## Dataset content
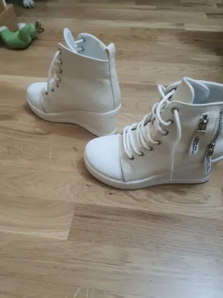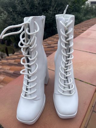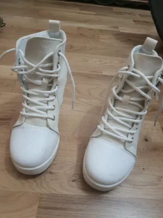 Vendo botas blancas con plataforma de la marca Bosanova. Están en muy buen estado, usadas muy pocas veces. Son muy cómodas y combinan con muchos estilos por ejemplo: (casual, urbano, etc.). * Color: blanco con cordones negros. * Suela gruesa tipo plataforma. * Estilo: botas militares / combat. * Incluye caja original. * Estado: muy bueno, casi nuevas. Perfectas para otoño e invierno. Las vendo porque no las uso. 📦 Hago envíos por Vinted o Wallapop. 💬 Si tienes alguna duda, escríbeme sin problema. 💰 Negociable.
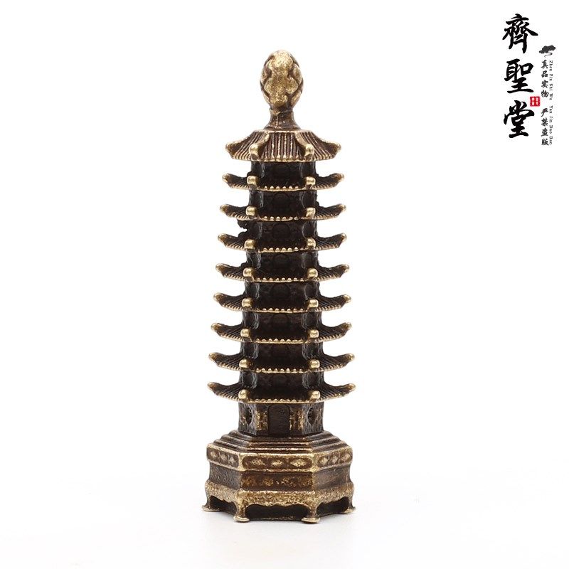 📚 黄铜仿古九层文昌塔9层文t笔塔文峰塔复古小摆件 办公室书桌小物
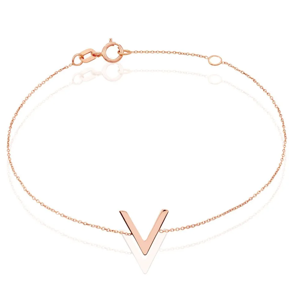 Bracelet Or Rose 375/1000 Forme V Maille Forcat 16+2cm

## Required work
Please output the material above again, exactly, and omit every image.

## Your response
 Vendo botas blancas con plataforma de la marca Bosanova. Están en muy buen estado, usadas muy pocas veces. Son muy cómodas y combinan con muchos estilos por ejemplo: (casual, urbano, etc.). * Color: blanco con cordones negros. * Suela gruesa tipo plataforma. * Estilo: botas militares / combat. * Incluye caja original. * Estado: muy bueno, casi nuevas. Perfectas para otoño e invierno. Las vendo porque no las uso. 📦 Hago envíos por Vinted o Wallapop. 💬 Si tienes alguna duda, escríbeme sin problema. 💰 Negociable.
 📚 黄铜仿古九层文昌塔9层文t笔塔文峰塔复古小摆件 办公室书桌小物
 Bracelet Or Rose 375/1000 Forme V Maille Forcat 16+2cm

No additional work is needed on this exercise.